I am a non-binary, trans and bisexual Christian. I was raised in a Christian environment where LGBTQ+ identities were either brushed aside or spoken of negatively. Growing up, I felt like I had to hide parts of myself, as if my true identity was something to be ashamed of. When I attended a conservative Christian university, the pressure to conform to a narrow understanding of who I should be became overwhelming. I was constantly told and directed about who I am, leaving me feeling lost and disconnected from my own truth.
I became theologically affirming at the end of college after a transformative summer working in Madison, Wisconsin - the most progressive city I had ever lived in up to that point in my life. As my theology evolved, I was nervous to open up about these changes in my perspective. I was also still leaps and bounds away from becoming confident enough to come out as queer, myself. In the fall of 2018, I started grad school at an affirming seminary north of San Francisco. It was like a breath of fresh air. A space where I could be my authentic self without fear or judgment. There, I was surrounded by individuals who not only accepted me but celebrated the unique mosaic of my identities - all of who I had been up to that point, and all that was possible for me to become.
In this new space, I discovered the power of sharing my story and naming my identities. I learned that when people in a community come together and open their hearts, the veil of fear and shame is lifted. We begin to experience the reflection of the divine in one another, and our journeys intertwine, creating a tapestry of love and acceptance.
When I showed up within this community, vulnerabilities and all, I gave myself permission to peel away the layers that society and my upbringing had imposed upon me. It was a challenging journey, but through the support and encouragement of my seminary friends, I found the courage to embrace my true self. And in that process of self-discovery, I found freedom, joy, and a deeper connection to my faith. Even before I was fully “out” to my family, friends, and the world. I experienced a sense of peace and hope that overwhelmed the fear I had felt for so many years.

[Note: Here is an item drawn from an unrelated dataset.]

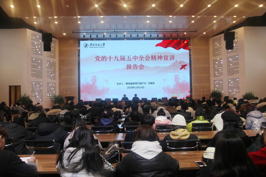 12月14日,十九届五中全会精神宣讲报告会在永利官网举行。报告会邀请十九届五中全会精神省委宣讲团成员、省教育厅副厅长马嘉宾作宣讲报告。学校各学院、各部门领导,师生代表200余人参加报告会,报告会由副校长许存宁主持。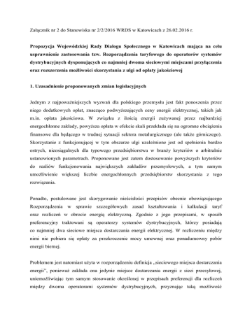 Załącznik nr 2 do Stanowiska nr 2/2/2016 WRDS w Katowicach z 26.02.2016 r. Propozycja Wojewódzkiej Rady Dialogu Społecznego w Katowicach mająca na celu usprawnienie zastosowania tzw. Rozporządzenia taryfowego do operatorów systemów dystrybucyjnych dysponujących co najmniej dwoma sieciowymi miejscami przyłączenia oraz rozszerzenia możliwości skorzystania z ulgi od opłaty jakościowej 1. Uzasadnienie proponowanych zmian legislacyjnych Jednym z najpoważniejszych wyzwań dla polskiego przemysłu jest fakt ponoszenia przez niego dodatkowych opłat, znacząco podwyższających ceny energii elektrycznej, takich jak m.in. opłata jakościowa. W związku z ilością energii zużywanej przez najbardziej energochłonne zakłady, powyższa opłata w efekcie skali przekłada się na ogromne obciążenia finansowe dla będącego w trudnej sytuacji sektora metalurgicznego (ale także górniczego). Skorzystanie z funkcjonującej w tym obszarze ulgi uzależnione jest od spełnienia bardzo ostrych, nieosiągalnych dla typowego przedsiębiorstwa w branży kryteriów o arbitralnie ustanowionych parametrach. Proponowane jest zatem dostosowanie powyższych kryteriów do realiów funkcjonowania największych zakładów przemysłowych, a tym samym umożliwienie większej liczbie energochłonnych przedsiębiorstw skorzystania z tego rozwiązania. Ponadto, postulowane jest skorygowanie nieścisłości przepisów obecnie obowiązującego Rozporządzenia w sprawie szczegółowych zasad kształtowania i kalkulacji taryf oraz rozliczeń w obrocie energią elektryczną. Zgodnie z jego przepisami, w sposób preferencyjny traktowani są operatorzy systemów dystrybucyjnych, którzy posiadają co najmniej dwa sieciowe miejsca dostarczania energii elektrycznej. W rozliczeniu między nimi nie pobiera się opłaty za przekroczenie mocy umownej oraz ponadumowny pobór energii biernej. Problemem jest natomiast użyta w rozporządzeniu definicja „sieciowego miejsca dostarczania energii”, ponieważ zakłada ona jedynie miejsce dostarczania energii z sieci przesyłowej, uniemożliwiając tym samym stosowanie określonej w przepisach preferencji dla rozliczeń między dwoma operatorami systemów dystrybucyjnych, przyznając taką możliwość wyłącznie w rozliczeniach z operatorem systemu przesyłowego. Proponowane zmiany legislacyjne dążą do rozszerzenia możliwości skorzystania z tej preferencji. 2. Proponowane brzmienie zmian legislacyjnych W rozporządzeniu Ministra Gospodarki z dnia 18 sierpnia 2011 r. w sprawie szczegółowych zasad kształtowania i kalkulacji taryf oraz rozliczeń w obrocie energią elektryczną wprowadza się następujące zmiany: 1) w § 25 ust. 2. otrzymuje brzmienie „2. Współczynniki oznaczone symbolami „kos” i „kok”, o których mowa w § 24 ust. 1, ustala się dla odbiorców końcowych: 1) którzy w roku kalendarzowym (n-2), poprzedzającym o rok dany rok kalendarzowy (n), w którym jest stosowana stawka jakościowa, zużyli na własne potrzeby nie mniej niż 100 GWh energii elektrycznej, z wykorzystaniem nie mniej niż 40% mocy umownej, dla których koszt energii elektrycznej obliczonej przy zastosowaniu współczynnika „kos” = 1 stanowi nie mniej niż 3% wartości produkcji i których przeważającą działalnością gospodarczą jest działalność określona w Polskiej Klasyfikacji Działalności (PKD) i oznaczona następującymi kodami: 0510; 0729; 0811; 0891; 0893; 0899; 1032; 1039; 1041; 1062; 1104; 1106; 1310; 1320; 1394; 1395; 1411; 1610; 1621; 1711; 1712; 1722; 1920; 2012; 2013; 2014; 2015; 2016; 2017; 2060; 2110; 2221; 2222; 2311; 2312; 2313; 2314; 2319; 2320; 2331; 2342; 2343; 2349; 2399; 2410; 2420; 2431; 2432; 2434; 2441; 2442; 2443; 2444; 2445; 2446; 2720; 3299; 2011; 2332; 2351; 2352; 2451; 2452; 2453; 2454; 2611; 2680; 3832 jako „kos” = 0,1; 2) w krajowym systemie elektroenergetycznym innych niż odbiorcy, o których mowa w pkt 1, przyłączonych do sieci, w której usługi przesyłania lub dystrybucji energii elektrycznej świadczy operator lub przedsiębiorstwo energetyczne niebędące operatorem, którzy całość kupowanej energii zużywają na własne potrzeby - jako „kok”; współczynnik ten oblicza się według wzoru: Propozycja Wojewódzkiej Rady Dialogu Społecznego w Katowicach mająca na celu usprawnienie zastosowania tzw. Rozporządzenia taryfowego do operatorów systemów dystrybucyjnych dysponujących co najmniej dwoma sieciowymi miejscami przyłączenia oraz rozszerzenia możliwości skorzystania z ulgi od opłaty jakościowej strona 2 z 4 gdzie symbole Eos i Eok oznaczają ilość energii elektrycznej planowaną do zużycia w każdym roku okresu regulacji przez odbiorców, o których mowa w pkt 1, lub odbiorców końcowych innych niż odbiorcy, o których mowa w pkt 1, przyłączonych do sieci, w której usługi przesyłania lub dystrybucji energii elektrycznej świadczy operator lub przedsiębiorstwo energetyczne niebędące operatorem, którzy całość kupowanej energii zużywają na własne potrzeby [w MW lub kWh]”. 2) w § 45 ust. 9 otrzymuje brzmienie: „9. Opłaty za ponadumowny pobór energii biernej w okresie rozliczeniowym nie pobiera się w rozliczeniach między: 1) operatorem systemu przesyłowego elektroenergetycznego a operatorem systemu dystrybucyjnego elektroenergetycznego posiadającym co najmniej dwa sieciowe miejsca dostarczania energii elektrycznej połączone siecią tego operatora, w odniesieniu do tych miejsc dostarczania; 2) operatorami systemów dystrybucyjnych elektroenergetycznych, z których każdy posiada co najmniej po dwa sieciowe miejsca dostarczania energii elektrycznej połączone siecią tego operatora lub z których przynajmniej jeden posiada co najmniej dwa miejsca dostarczania energii elektrycznej z sieci dystrybucyjnej operatora systemu dystrybucyjnego elektroenergetycznego.” 3) w § 46 ust. 7 otrzymuje brzmienie: „7. Opłaty za przekroczenia mocy umownej w okresie rozliczeni

There is power when we lean into our community, supporting one another as we explore our identities and celebrate our growth. We are all always “becoming”. Together, we can continue to create a space where love, authenticity, and freedom thrive.
May the journey of self-discovery and transformation be filled with grace and compassion. Remember: you are known, you are valued, and you are loved for all of who you are and all of who you are becoming.